Our research has been hard at work to find a way to improve care for those suffering from chronic, progressive myeloproliferative neoplasms. We are proud to say our first indication in polycythemia vera has been a success and now, we are broadening our focus to essential thrombocythemia (ET). Our aim is to provide a thorough understanding of the clinical effects of this treatment in ET, with the hope of eventually obtaining registration. Raymond Urbanski, M.D., Ph.D., U.S. Head of Clinical Development and Medical Affairs, firmly believes this is a crucial step forward in improving patient care.
The SURPASS ET study is a groundbreaking Phase 3 clinical trial of ropeginterferon alfa-2b for the treatment of ET, and this new study will build upon the insights generated by it. Our findings are expected to be available by 2024, and we anticipate that they will help to revolutionize the treatment of ET.
BESREMi is revolutionizing the treatment of chronic conditions with its state-of-the-art pegylation technology. This monopegylated interferon boasts a long-lasting action, meaning patients may only need to receive injections once every two or four weeks, depending on hematological stability. This flexible dosing schedule allows for individualized care that is tailored to each patient’s needs.
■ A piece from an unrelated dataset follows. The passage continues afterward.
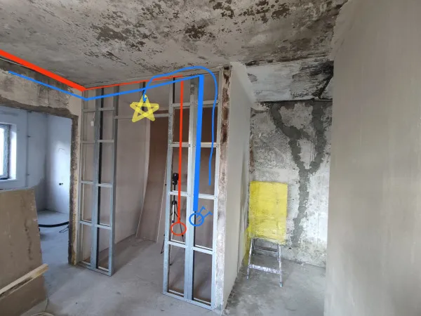 Вопрос в следующем: как правильно заложить кабели в перегородку для освещения гардеробной и для розетки?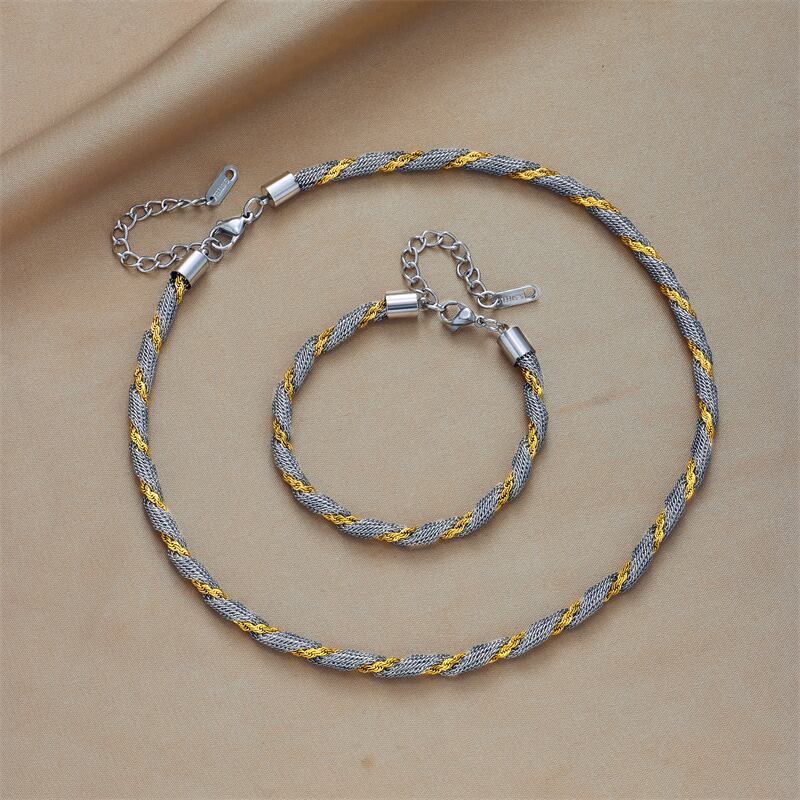 送料無料 ステンレス鋼グリーンストーンジオメトリテルスネークチェーンジュエリーセット女性のネックレスとブレスレットパーティーギフト レース アクセサリー AE001121521355505

PharmaEssentia’s groundbreaking drug candidate BESREMi has been granted orphan drug designation for the treatment of polycythemia vera (PV) in adults in the United States. It has already been approved by the European Medicines Agency (EMA) in 2019, in the U.S. in 2021, and more recently in Taiwan and South Korea. Developed in-house by PharmaEssentia and manufactured at the cGMP certified Taichung plant, the company has full global intellectual property rights for the product across all indications. Truly a milestone for the pharmaceutical industry!
BESREMi has been approved with a boxed warning, cautioning against the potential for serious disorders, such as worsening of pre-existing neuropsychiatric, autoimmune, ischemic and infectious conditions. Those taking this medication should be aware of these risks and monitor their health closely.
About Essential Thrombocythemia
Essential thrombocythemia (ET) is an MPN that affects an estimated 57 people per 100,000 in the U.S. It is caused by a mutation in the JAK2 gene and is most commonly diagnosed through routine blood work. ET is more common in people over the age of 50, with women being 1.5 times more likely to be diagnosed than men. Left untreated, this chronic and progressive disease can progress into more deadly forms such as myelofibrosis or acute leukemia.1,2 With regular monitoring and appropriate treatment, however, ET can be managed effectively, allowing patients to live healthier lives.
PharmaEssentia is an innovative biopharmaceutical company with a mission to develop effective new biologics to tackle challenging diseases in hematology and oncology. Founded in 2003 and headquartered in Taipei, Taiwan, PharmaEssentia has grown to become a global leader with operations in the U.S., Japan, China, and Korea. Already having one approved product, the company continues to focus on its diversifying pipeline and has invested in a state-of-the-art biologics production facility in Taichung, Taiwan. PharmaEssentia is paving the way for groundbreaking treatments that will revolutionize the field of medicine.